June 20, 2022 Tribeca
I got off the train at Franklin Street and I felt it.
It felt right. I missed this.
I missed the smell, the energy, the feeling of being here, in the city, with the city, in Tribeca, in the life, in the buzz.
It’s 9am and I’ve already listened to a podcast, I’m sitting here in Gotan with a coffee journaling. It’s a splendid blessing. A little gift from the world. Almost in a way, a healing. The best retreat away from the other stuff happening in my life. I feel like I’m in a sacred place, a strong safe ‘known’. And although I wasn’t the happiest while I was living in Tribeca, I did love it here. I loved the beauty of it and the energy it gave me. Not just Tribeca, but NYC itself. I wonder if it’s just a feeling of reminiscence, a taste of bittersweet that is there, that should be there, a poke from the universe to stay grateful and remember NY… or if its to give myself peace, a calm during this weird work period. Or if it’s to tell me to come back…
The thing is, if I come back, I have nothing here for me other than my family. I don’t have my friends, my community, my work, and most importantly, my identity. I can’t be me — the deeper me, the one that exists at the core, on a spiritual level, on a raw level. On the surface, the gears it’s in NY. That’s the machine parts and the gasoline to get it going. But the brain, the heart, the soul, it exists in Berlin. Maybe it’s a way to know I need to integrate both lives better into each other.
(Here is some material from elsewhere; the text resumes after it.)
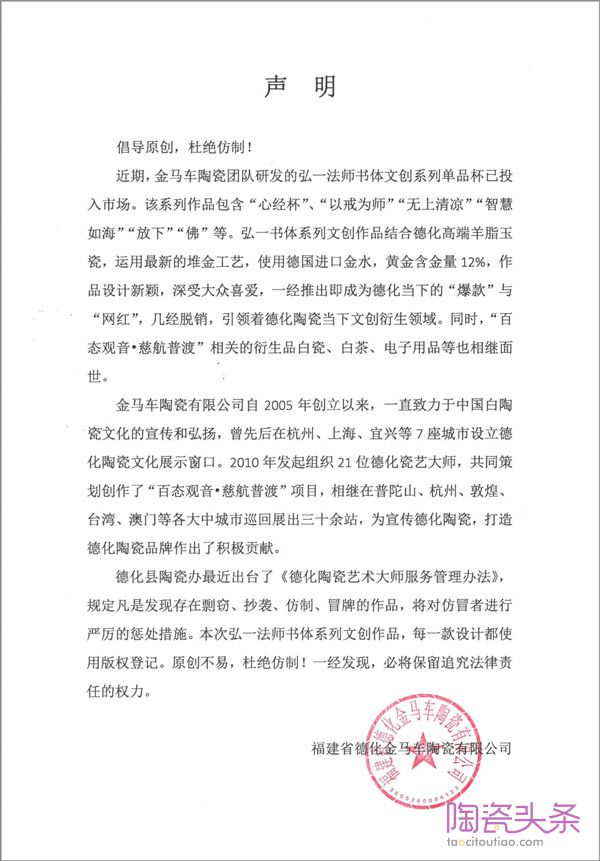德化縣陶瓷辦最近出臺(tái)了《德化陶瓷藝術(shù)大師服務(wù)管理辦法》,規(guī)定凡是發(fā)現(xiàn)存在剽竊、抄襲、仿制、冒牌的作品,將對(duì)仿冒者進(jìn)行嚴(yán)厲的懲處措施。本次弘一法師書(shū)體系列文創(chuàng)作品,每一款設(shè)計(jì)都使用版權(quán)登記。原創(chuàng)不易,杜絕仿制!一經(jīng)發(fā)現(xiàn),必將保留追究法律責(zé)任的權(quán)力。

“When you’re tired of this time, let me know we can go somewhere brand new. Cause when I lay my head to rest I hope that it’s aways next to you. When you run, when you’re gone. Oh, I’ll be waiting for you, dear” These are the words that I feel NY is whispering to me. a hug, a warmth, not that we need to be together, but that it’s there to give me the comfort I need and desire when I need solace. I want to cry, I want to give the city a hug. I want to give myself, the NYC Jo a hug. I feel like I’ve been so disconnected, so lost, so away, so missing. That beat, the beating.
There are two people that live inside of me that are at battle and also at sync. Which needs the other more?